I went back to the office door and tapped on it, and someone finally came out. I said, "Maybe we're just dumb, but we're the Clines and we were told that we had the room above the office, but we can't find it." He laughed and said he hadn't gone up to open it yet, and it was the room at the top of the stairs. Actually, there were two rooms, and the locked door was the outer door. He gave us our room key, then led us up the stairs, where he unlocked the outer door. (This will become important later.)


Once in the room, I got into bed, and Bob called a doctor friend of his for advice. His friend is a gastroenterologist , and he said it sounded like gallbladder. He told Bob to give me clear liquids and saltines, so he went out and got Jello, 7-Up, and oyster crackers. I ate a little of the Jello and a little 7-Up, but by then I was so nauseated that I couldn't keep anything down. Without going into detail, that was basically the entire evening and throughout the night until about 2:00 a.m.
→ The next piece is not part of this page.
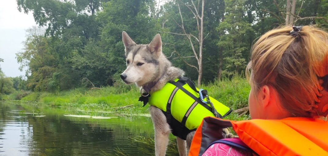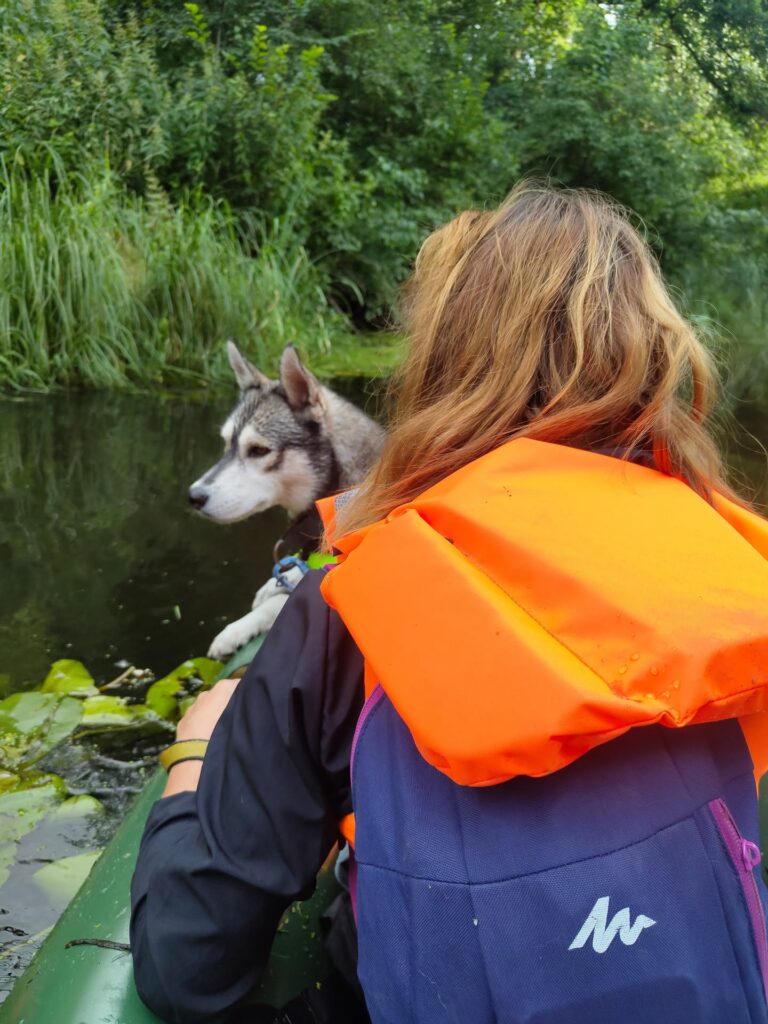 Warto również pamiętać, że z psem jak z dzieckiem – najlepiej na początku go zmęczyć. Czyli spływ organizujemy w ten sposób, że najpierw idziemy w górę rzeki, tak żeby pies się wybiegał, a później wskakujemy do packrafta i wracamy na miejsce startu. Po takim spacerze pies będzie znacznie spokojniejszy na spływie.

On Friday morning I woke up without any pain, but still didn't feel quite right. We went to the restaurant at the park and I had toast and tea for breakfast, then told Bob I thought I'd like to go back to the room for awhile. He went out and fished a little more and I slept -- I think I just needed some more sleep. By evening I felt pretty much okay, so we went in to town and had dinner (Shoney's seafood buffet), then he went fishing and I sat on the bank and read.
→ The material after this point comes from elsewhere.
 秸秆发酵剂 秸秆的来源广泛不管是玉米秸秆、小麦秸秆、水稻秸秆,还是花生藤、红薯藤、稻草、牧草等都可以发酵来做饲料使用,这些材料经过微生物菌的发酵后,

This weekend was a special weekend where you didn't have to have a trout tag or even a fishing license to fish in the park, so we knew it was going to be crowded, and it was. Bob fished for awhile in the morning, then came back and got me and we had breakfast at the lodge, then we went back to the room and took a long nap! It had been a rough couple of days for both of us, me throwing up, and Bob having to sit by, helpless to do anything about it.
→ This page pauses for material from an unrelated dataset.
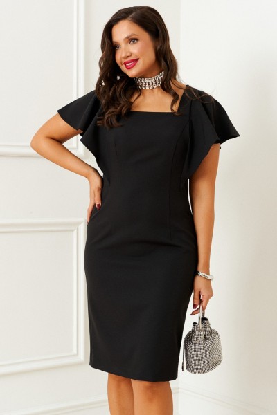 Платье прилегающего силуэта средней длины выполнено из костюмного смесового полотна.

We went out for dinner that evening to another buffet, Golden Corral, I think, or something like that, then he fished in the river and I sat on a bench and read. I got a lot of reading done this weekend, which was my goal.




On Saturday night, late, Bob went out to the car for something. The night before he'd done the same thing, and when he came back I said he'd been gone a long time, but he said it had only been fifteen minutes, so I didn't really pay attention. I looked up from my book, thought, hm, it's been awhile, but thought maybe he'd gotten on the phone with a friend or something.

A little while later I looked up again, and thought, wow, it's really been awhile! Sometimes he talks a long time on the cell phone, but I looked over at the table where he'd put his wallet and things, and the phone was there. He could have been re-rigging his fishing equipment, which was what he was doing the other night, but I didn't think he planned on fishing Sunday morning since we were starting back. All of a sudden I got really worried. What if something had happened to him?

I jumped up, pulled on some shorts, grabbed my cell phone (in case I had to call 911 or locked myself out, since he had the room key), and rushed out, to find him standing in the open door of his van waiting for me. "Thank you," he said. "I knew you'd come looking for me eventually." He had left his phone inside, and he had locked the outer door, thinking the room key would unlock it, but it did not. He didn't want to knock in case he woke someone up. He said he'd tried the room key in the outer door lock, and it fit, but he hadn't actually locked or unlocked the door with it. He had his car keys, but no wallet. He said he scrounged around and found fifty cents, but he would have had to find a payphone, and then, I would have probably come out and found the van gone, which would have worried me, too.

He said he had thought about lying down in the parking lot and pretending to have had a heart attack or something, but that probably would have given me one, so I'm glad he didn't.